Much that’s written about life after fifty focuses on our physical well-being but not as much attention is given to midlife mental health.
At any age, mental health is crucial to our well-being. From childhood straight into midlife and beyond – how we think is interconnected with how we feel.
Most of us have experienced how anxiety can lead to a stomachache and headache. We don’t need to be doctors or psychologists to understand how stress and worry can make us physical ill.
“Stress can increase hormones like adrenaline and cortisol, and can impact your blood pressure and heart rate.” – American Heart Association
So what are some ways we can better care for our mental health after fifty?
Start by curating uplift.
This is a biggie. Be selective about what you choose to feed your mind through your eyes.

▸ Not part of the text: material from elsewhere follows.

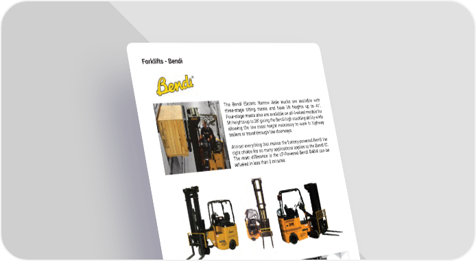 Forklifts - Bendi The Bendi Electric Narrow Aisle trucks are available with three-stage tilting masts and have lift heights up to 41’� Four-stage masts also are available on all 4-wheel models for lift heights up to 26’ giving the Bendi high stacking ability while allowing the low mast height necessary to work in highway trailers or travel through low doorways� Almost everything that makes the battery-powered Bendi the right choice for so many applications applies to the Bendi IC� The main difference is the LP-Powered Bendi B40i4 can be refueled in less than 5 minutes� The Bendi B40AC-DR and the B50AC-DR deep reach forklift can stack pallets double deep from 8’ aisles� It has lift heights of 425” and a 3,000 lb� capacity in the second deep position� mh.altg.com 42

We worry about kids being exposed to too much violence and hate but what about us? Are we too old to be influenced and maybe even hurt by it?
I’m not referring to the news or informational media (that is a whole other enchilada!).

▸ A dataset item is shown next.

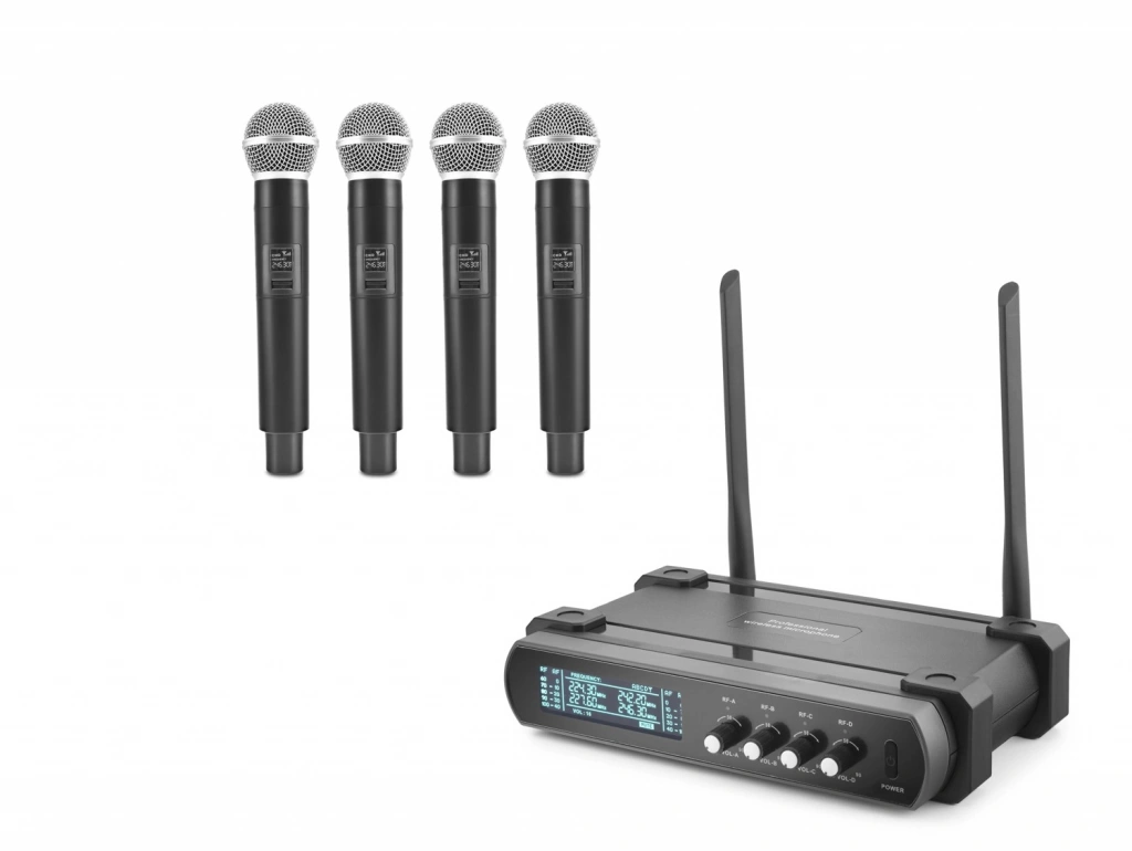 Teknik Özellikler Set İçeriği 4 Adet El Mikrofonu + 1 Adet Rack Tipi Alıcı Ünite İletim Teknolojisi Vhf Çok Kanallı Kablosuz İletişim Alıcı Kontrolleri 4 Bağımsız Kanal Ses Ayarı (vol-a, B, C, D) Gösterge Paneli Frekans Ve Sinyal İzleme Ekranı Renk / Malzeme Siyah / Profesyonel Metal Izgara Başlıklar Öne Çıkan Özellikler Dörtlü Eş Zamanlı Kullanım: Dört Farklı Kişinin Sesini Tek Bir Merkezi Üniteden Yönetme İmkanı. Bağımsız Kanal Yönetimi: Her Mikrofon İçin Ayrı Ses Seviyesi Belirleme Özelliği. Yüksek Sinyal Kararlılığı: Alıcı Üzerindeki Çift Anten İle Kopmalara Karşı Koruma. Dijital İzleme: Alıcı Panelindeki Lcd Ekran İle Frekans Kanallarını Takip Etme. Profesyonel Tasarım: Rack Tipi Monte Edilebilir Ana Ünite Ve Ergonomik El Mikrofonları. Geniş Kullanım Alanı: Paneller, Tiyatrolar Ve Kurumsal Toplantılar İçin İdeal Çözüm. Bilgi: Her Mikrofon, Ünite Üzerinde Önceden Tanımlanmış Farklı Frekanslarda Çalışır; Bu Sayede Sesler Birbirine Karışmaz. Arka Paneldeki Çıkışlar Aracılığıyla Ses Mikserlerine Kolayca Entegre Edilebilir.

I’m talking about social media. Let’s stop filling our Facebook or Instagram feeds with people and images that make us feel awful. That’s not to say we should filter out what we don’t agree with. It’s healthy to be exposed with and interact with people of varying perspectives. It’s also not to say we should remove the sad or serious events from our view.

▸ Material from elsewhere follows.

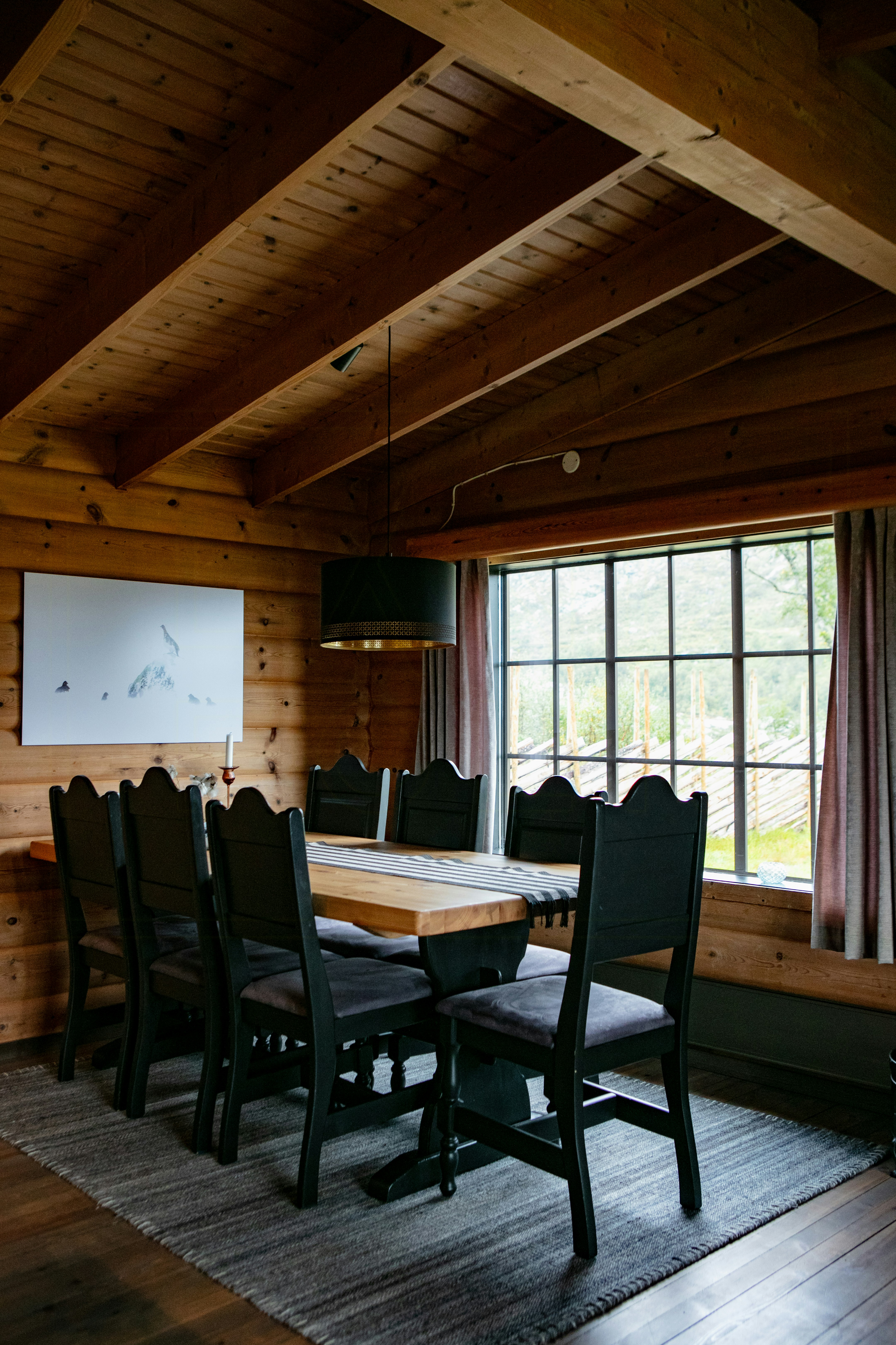 - Enjoy the cozy and warm atmosphere inside the cabin, with log walls, sheepskin rugs and dark color schemes

But we don’t have to follow negative, angry, mean, hateful memes and feeds if we choose not to. There is enough negativity in our lives that we can’t avoid – so let’s not bombard ourselves with social media propagated hate.
If funny (but not mean) jokes, or prancing baby goat videos (guilty) or inspirational quotes make us smile and feel uplifted, then bring it on! That’s not creating a fake reality, that’s just entertaining. Figure out what makes you smile and throw more of that in your social media feed!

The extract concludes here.